* YOUR INSTRUCTIONS
The reply should hold only the lines below beginning at the one with "thọ L70: 50.000h" and ending at the one with "Długopis GELLE to", copied exactly, with every picture left out.

* INFORMATION GIVEN
______
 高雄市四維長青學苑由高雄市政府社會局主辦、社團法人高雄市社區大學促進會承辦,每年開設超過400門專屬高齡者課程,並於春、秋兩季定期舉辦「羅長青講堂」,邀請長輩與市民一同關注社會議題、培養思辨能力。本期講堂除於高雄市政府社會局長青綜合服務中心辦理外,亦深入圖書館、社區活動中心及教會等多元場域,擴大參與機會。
______
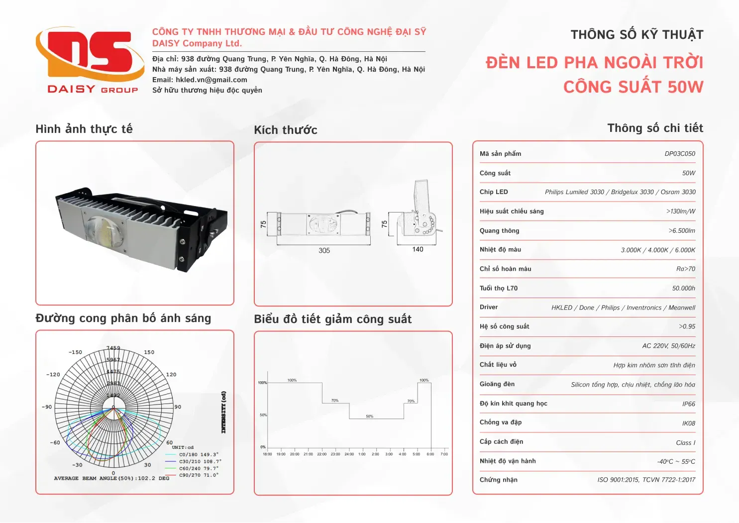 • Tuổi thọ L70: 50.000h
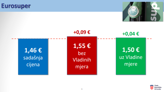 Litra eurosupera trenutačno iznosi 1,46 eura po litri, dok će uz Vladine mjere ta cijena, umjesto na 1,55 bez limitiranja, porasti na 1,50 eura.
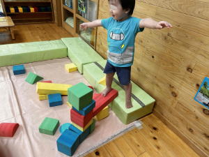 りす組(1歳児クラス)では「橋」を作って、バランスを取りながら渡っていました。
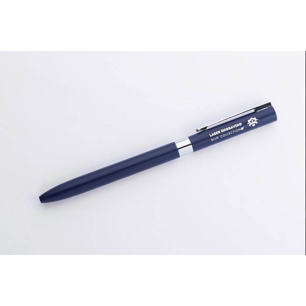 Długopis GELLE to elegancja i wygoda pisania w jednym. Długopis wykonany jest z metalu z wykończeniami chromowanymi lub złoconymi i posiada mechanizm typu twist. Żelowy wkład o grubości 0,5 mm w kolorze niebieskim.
______
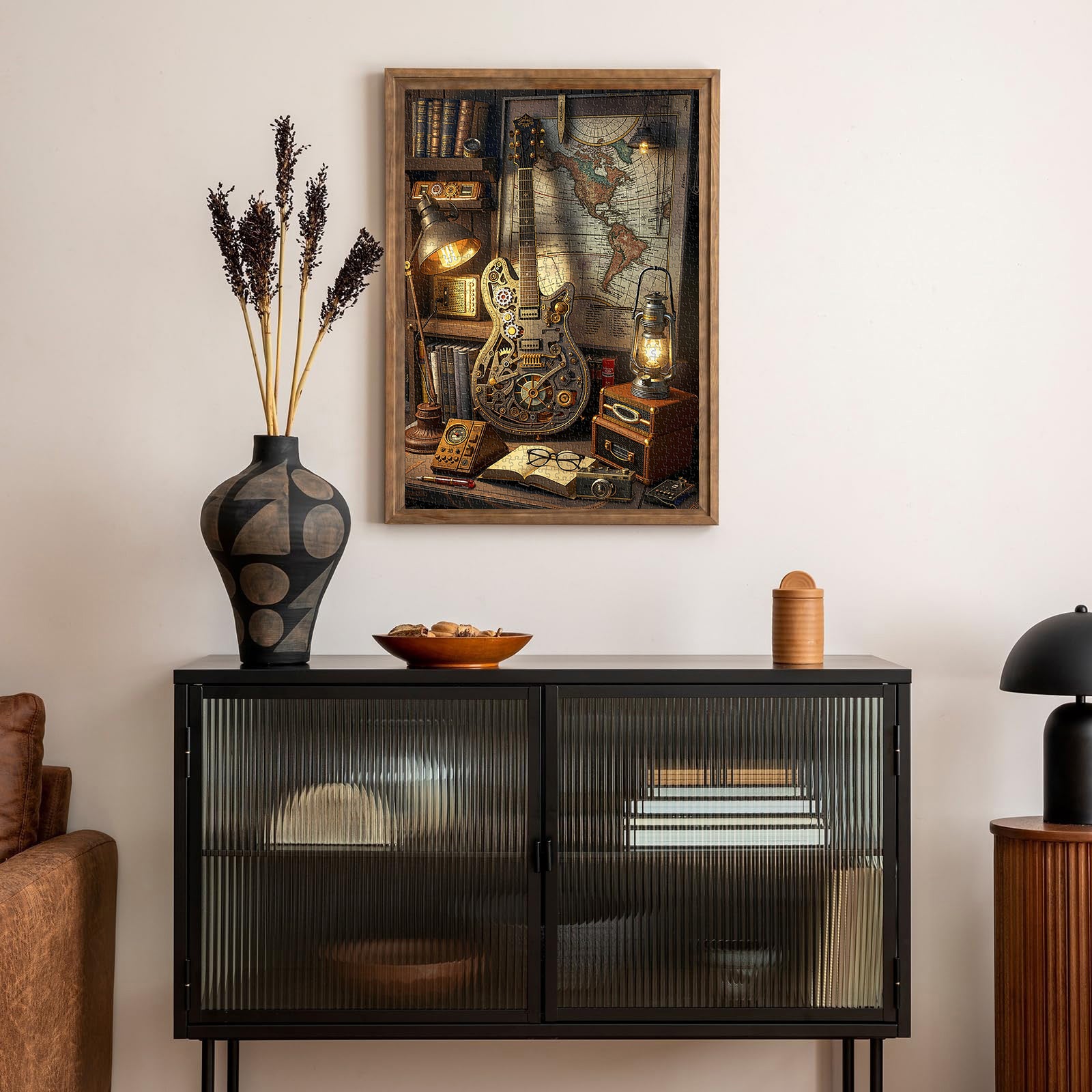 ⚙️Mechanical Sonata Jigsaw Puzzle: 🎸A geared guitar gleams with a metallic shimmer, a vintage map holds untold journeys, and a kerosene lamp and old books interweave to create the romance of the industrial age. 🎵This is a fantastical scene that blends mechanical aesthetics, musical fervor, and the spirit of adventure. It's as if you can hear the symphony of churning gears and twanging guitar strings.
______
* SOLUTION FOR THIS PROBLEM
 • Tuổi thọ L70: 50.000h
 Litra eurosupera trenutačno iznosi 1,46 eura po litri, dok će uz Vladine mjere ta cijena, umjesto na 1,55 bez limitiranja, porasti na 1,50 eura.
 りす組(1歳児クラス)では「橋」を作って、バランスを取りながら渡っていました。
 Długopis GELLE to elegancja i wygoda pisania w jednym. Długopis wykonany jest z metalu z wykończeniami chromowanymi lub złoconymi i posiada mechanizm typu twist. Żelowy wkład o grubości 0,5 mm w kolorze niebieskim.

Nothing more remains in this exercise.